Option 2: Saga Pattern (Preferred for microservices)

Break the transaction into a series of local transactions with compensating actions:

Step 1: Debit User A on Shard 1 (local transaction, fast)
        On success: Publish "UserADebited" event
        On failure: Publish "DebitFailed" event (nothing to compensate)

Step 2: Credit User B on Shard 2 (local transaction, fast)
        On success: Done
        On failure: Publish "CreditFailed" event -> triggers Step 3

Step 3 (Compensation): If credit failed, Refund User A on Shard 1

No locks held across shards. Eventual consistency. If User B's shard is down, User A's debit will be reversed. The operation eventually succeeds or is fully reversed.

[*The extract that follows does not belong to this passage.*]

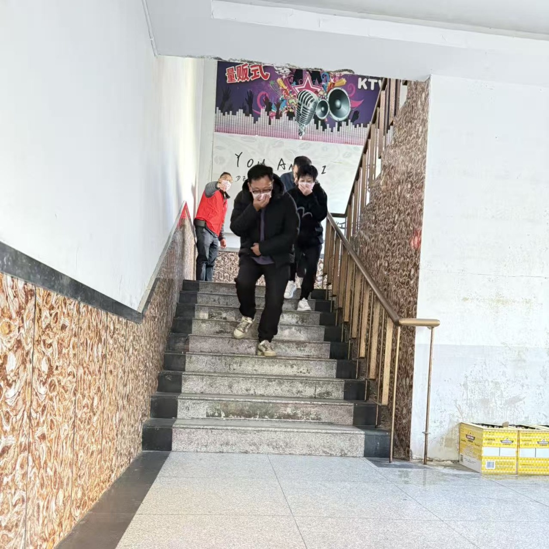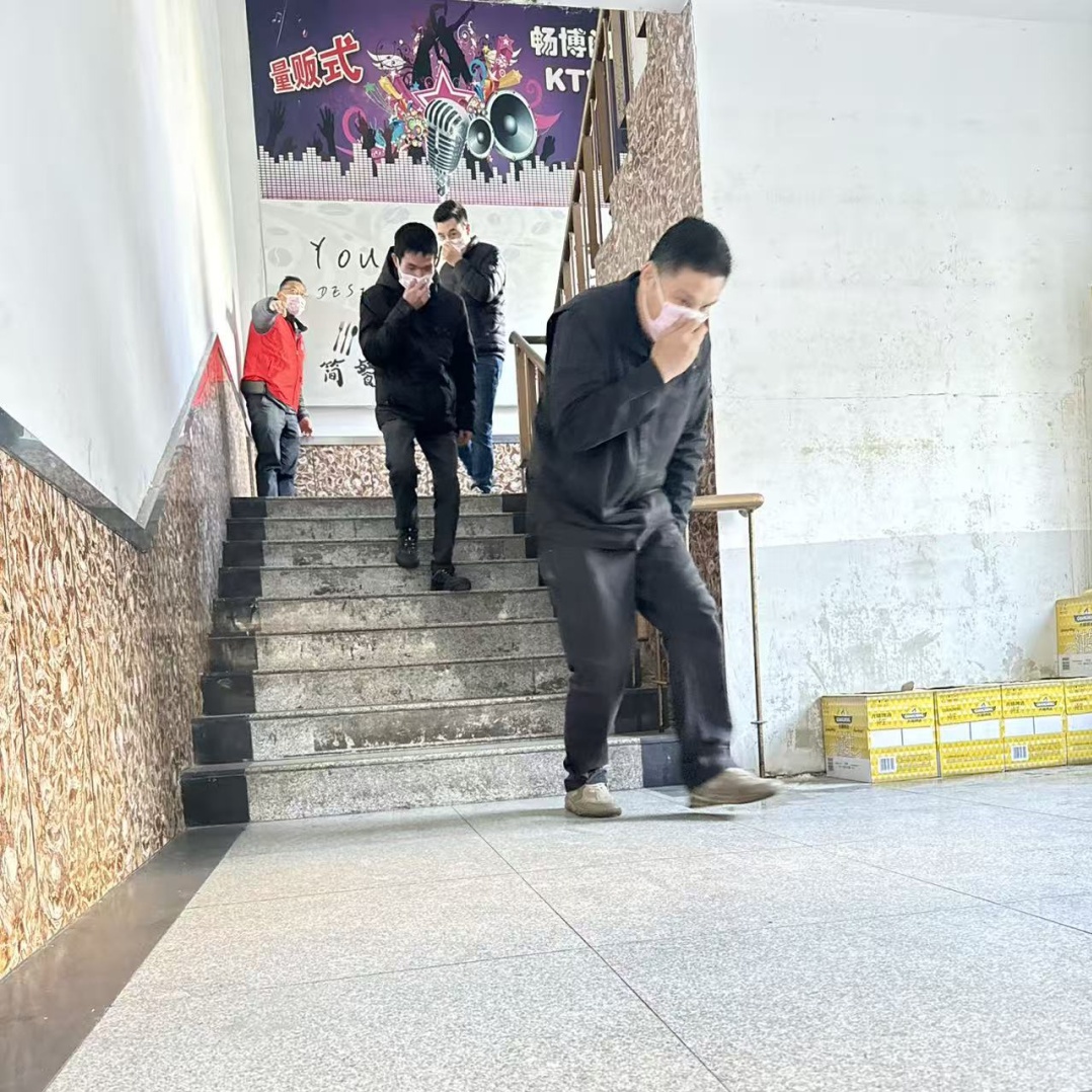 随着告警声的响起,现场人员发现“火情”,商铺内迅速启动消防应急预案。“顾客”在工作人员的引导下,按照预定疏散路线,用湿毛巾捂住口鼻,低姿弯腰,快速、有序地撤离至指定的室外安全集结区。本次演练有效增强了人员在应对突发消防事件时的组织能力和应急反应速度。

Option 3: Design Data to Avoid Cross-Shard Transactions

The best cross-shard transaction is one that never happens. Design your data model so that all data that participates in a single transaction lives on the same shard.

For money transfers: Instead of having User A on Shard 1 and User B on Shard 2, model the transfer as a transaction record on User A's shard:

transactions table (sharded by from_user_id):
  from_user_id = A (on Shard 1)
  to_user_id   = B
  amount       = 1000
  status       = COMPLETED

The debit of User A's balance and the creation of this transaction record
are on the SAME shard (Shard 1). No cross-shard transaction needed.
User B's balance is updated asynchronously via event.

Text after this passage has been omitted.